President Carter's Pay Advisory Committee agreed in principle yesterday to recommend that the administration scrap its 7 percent wage guideline in favor of new standards that would permit pay raises of 7 1/2 to 9 1/2 percent a year.

The proposal, which must be refined before being submitted to the White House for consideration, was regarded as relatively stringent, considering that inflation is running at 13 percent a year.

However, officials cautioned that would depend on what criteria the pay board works out to decide which kinds of settlements must come in at the low end of the range and which may end up higher.

The group earlier had been expected to recommend an upper limit of 10 percent, but there had been word that might meet resistance from the administration. Yesterday's plan was endorsed by both labor and business representatives.

Meanwhile, separately, a top administration economic official estimated yesterday that the economy may have grown at a moderate 2 to 3 percent annual rate last quarter instead of sliding into recession, as earlier had been thought.

Yesterday's agreement marked a major accomplishment for the tripartite panel. The committee will meet Jan. 22 to consider details of how the plan would work. The pay standard is the last of the basic decisions the panel must make.

Adherence to the wage guidelines is strictly voluntary for American workers. Although the administration has the power to deny federal contracts to errant unions, it never had done so. Several locals have violated the standards.

The pay committee also agreed tentatively yesterday to tighten the way it accounts for cost-of-living allowances. It would compute them in the future as if inflation were running at 7 1/2 percent rather than 6 percent as now.That would make them count for more in computing the total cost of a wage settlement.

The panel also agreed to study the feasibility of developing separate guidelines to apply to pension programs, which often are too complex to calculate as part of a wage package. Firms and unions would be able to choose which method to use.

The agreement was worked out among the various sides by John T. Dunlop, former Ford administration labor secretary, who serves as chairman of the panel, in a series of private bargaining sessions.

Dunlop noted yesterday that, symbolically at least, the proposal would recognize the "midpoint" of the new pay range as 8 1/2 percent, a simpler way of expressing the new standard than using the double set of figures.

However, Lane Kirkland, president of the AFL-CIO, head of the panel's labor delegation, said the 8 1/2 percent figure would serve only as a way of evaluating the program, not as a guideline.

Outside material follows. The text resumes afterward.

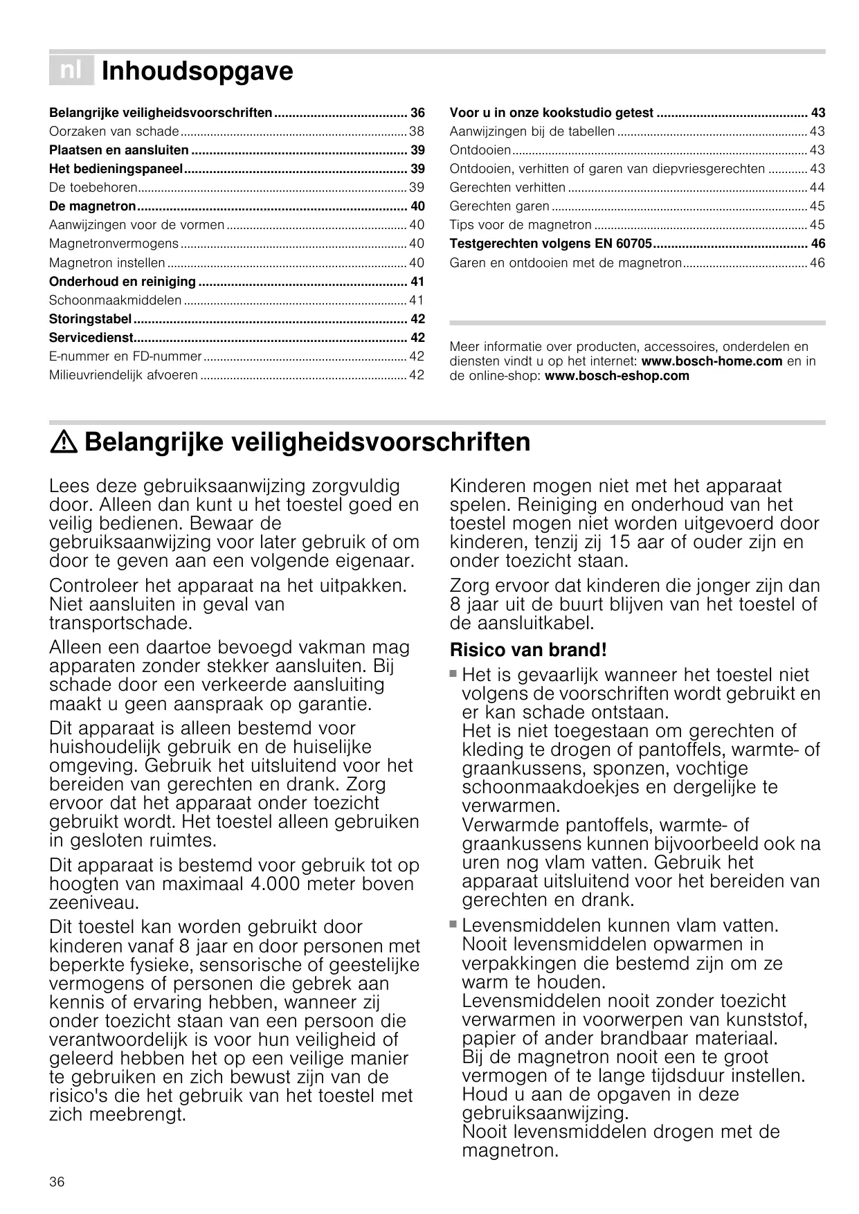 Produktinfo Meer informatie over producten, accessoires, onderdelen en diensten vindt u op het internet: www.bosch-home.com en in de online-shop: www.bosch-eshop.com

The panel also agreed to draw up criteria for deciding when a pay settlement may exceed the 9 1/2 percent upper limit. The committee would make exceptions for broad categories of pay contracts.

The current wage guideline is 7 percent, with an extra 1 percent boost allowed for contracts that do not call for automatic cost-of-living increases. However, escape clauses allow some pay settlement as high as 12 percent.

Current pay guidelines also do not count the cost of higher pension payments to retired workers or of extra pension benefits needed to comply with new government regulations.

The committee is expected to complete work on the pay standard at its Jan. 22 meeting, and formally recommend the plan to the Council on Wage and Price Stability, which over-sees the guidelines program.

Although the council technically does not have to agree to the panel's recommendations, it would be hard pressed to reject them categorically. The guidelines program could well fold if the pay committee broke up in disarray.

Dunlop told reporters yesterday that the various components of the new proposal -- not only the general pay standard, but other changes the panel has suggested -- "are all highly interdependent" and cannot be separated. p

The tripartite committee, comprising 18 representatives from labor, business and the public, was set up in October at the request of organized labor as part of a "national accord" between labor and the administration.

Carter is looking to the symbolic agreement to keep labor in his camp during the 1980 campaign. So far, top union leaders generally have not strayed, although there is no telling how long this will last.

Robert R. Russell, director of the Council on Wage and Price Stability, declined on the new proposal yesterday until the panel agrees on the criteria to decide where settlements fall in the 7 1/2-to-9 1/2 percent range.